積み立て型の少額投資非課税制度(つみたてNISA)を使ってコツコツ積み立て投資を始める20~30代が増えています。
その多くは投資を始めたばかりの初心者で、よりわかりやすい商品説明などを求めています。
証券会社や運用会社は初心者に配慮したサービスが求められる時代になりました。
楽天証券の口座数は1年で42%増
楽天証券の総合口座数は6月末で624万口座。1年前に比べ約42%増えました。
2021年1~3月に新規口座を開設した人は20代以下が38%、30代が30%と若年層が大半を占めました。
同社の新規口座開設数はつみたてNISAが始まった18年ごろから増加幅が拡大しています。
スマートフォンが普及し、口座開設手続きの利便性が増したことも背景にあります。
つみたてNISAの口座数は、30代が28%、20代が19%
金融庁によると、つみたてNISAの21年6月末時点の口座数は30代が28%、20代が19%を占めます。
3月末からの増加率は特に20代が高かったです。
若年層による活用が活発になっていることで、様々なサービスも変化しています。
例えば、楽天証券は今年5月につみたてNISAのスマホのサイトを大幅に改善。積み立てた月数などの実績をグラフで表すことで視覚的に実感できるようにしました。
6月には購入や売却といった操作がスマホで完結し、NISAやポイント投資にも対応するロボットアドバイザー「らくらく投資」のサービスを開始しました。
証券会社で顧客の奪い合い
運用会社も対応を急ぎます。
野村アセットマネジメントではつみたてNISAの制度開始の際、長期にわたってコツコツ投資をしてもらえる商品は何か議論しています。

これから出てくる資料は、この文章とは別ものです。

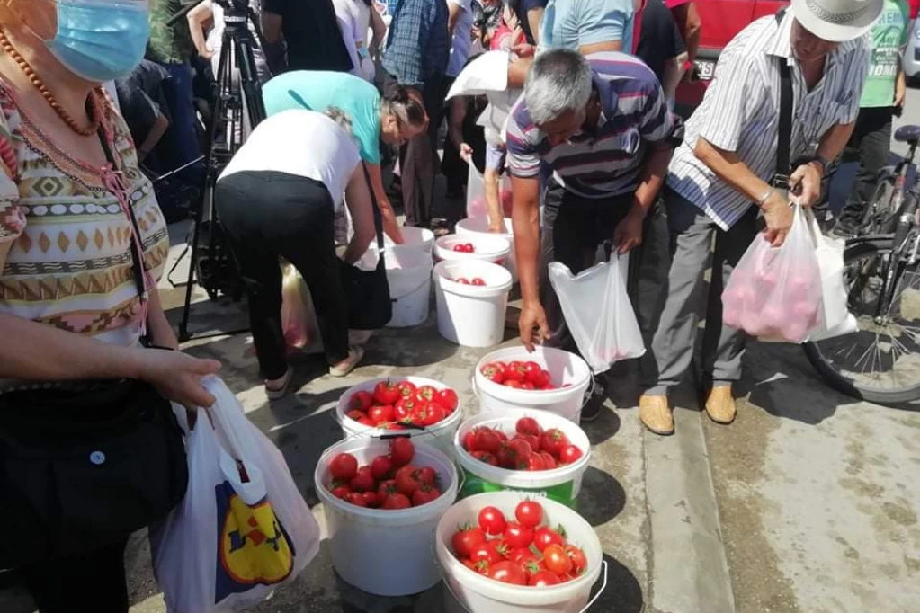 Ispred marketa “Lidl” i “Roda” u Mlinskoj ulici poljoprivredni proizvođači su za oko 30 minuta podelili nekoliko tona paradajza, a kako sami kažu, razlog za takvu odluku, pored niske cene, je i to što su prethodnih godina dobijali kritike zašto ne dele građanima besplatno paradajz, a ne da ga rasipaju po deponijama.

14年に始まった一般NISAと大きく異なるのは、対象となる投資信託には金融庁が定めた一定の基準があることです。
同社がつみたてNISAの制度開始に向けて組成した投信は3本。日本を除く世界の株式に投資するインデックス投信の「野村つみたて外国株投信」など、足元の残高は合計約800億円になりました。
ファンド名を「つみたて」と目立つ平仮名表記にし、つみたてNISAで投資する投信を検索した際に表示されやすい工夫をしたといいます。

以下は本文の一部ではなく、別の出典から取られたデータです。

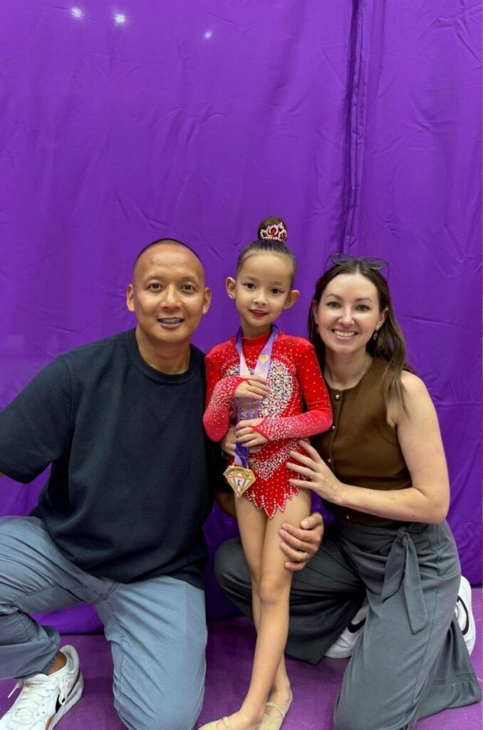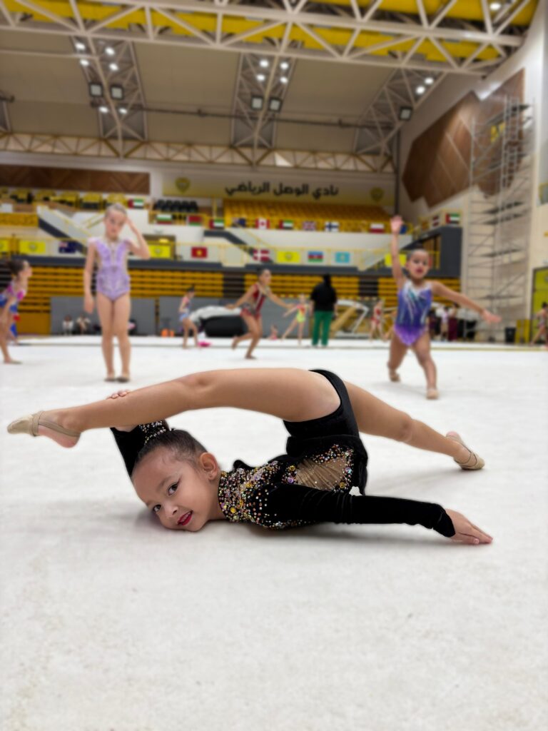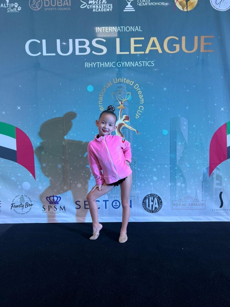 Born in Dubai in 2019, Samantha discovered her passion for rhythmic gymnastics at just four years old after attending a trial class. “I fell in love with it instantly,” she said, recalling how the sport captured her heart from the very beginning. Now in her second year of training, she spends about ten hours each week practicing routines and perfecting her skills under the guidance of her personal coach, Pelageya, whom she deeply admires. “She wants to be like her when she grows up,” shared her family.

同ファンドの信託報酬率は年0・209%(税込み)。既存の商品に比べネットでの販売が増えると想定し、様々なコストを少なく見積もっています。
昨年販売を開始した「野村スリーゼロ先進国株式投信」は購入時の手数料が無料の他、運用中に販売会社や委託会社、受託会社が受け取る信託報酬を当初10年の間、無料としています。
つみたてNISAの非課税期間は最長20年。投資枠の再利用はできないため頻繁な売却は考えにくい。ならば「当初10年を無料としても、それまでに残高が積み上がれば、残りの10年で報酬は得られる」という算段です。
「貯蓄から投資へ」の芽が出始めたことで、投資を取り巻くサービスは変わっていきそうです。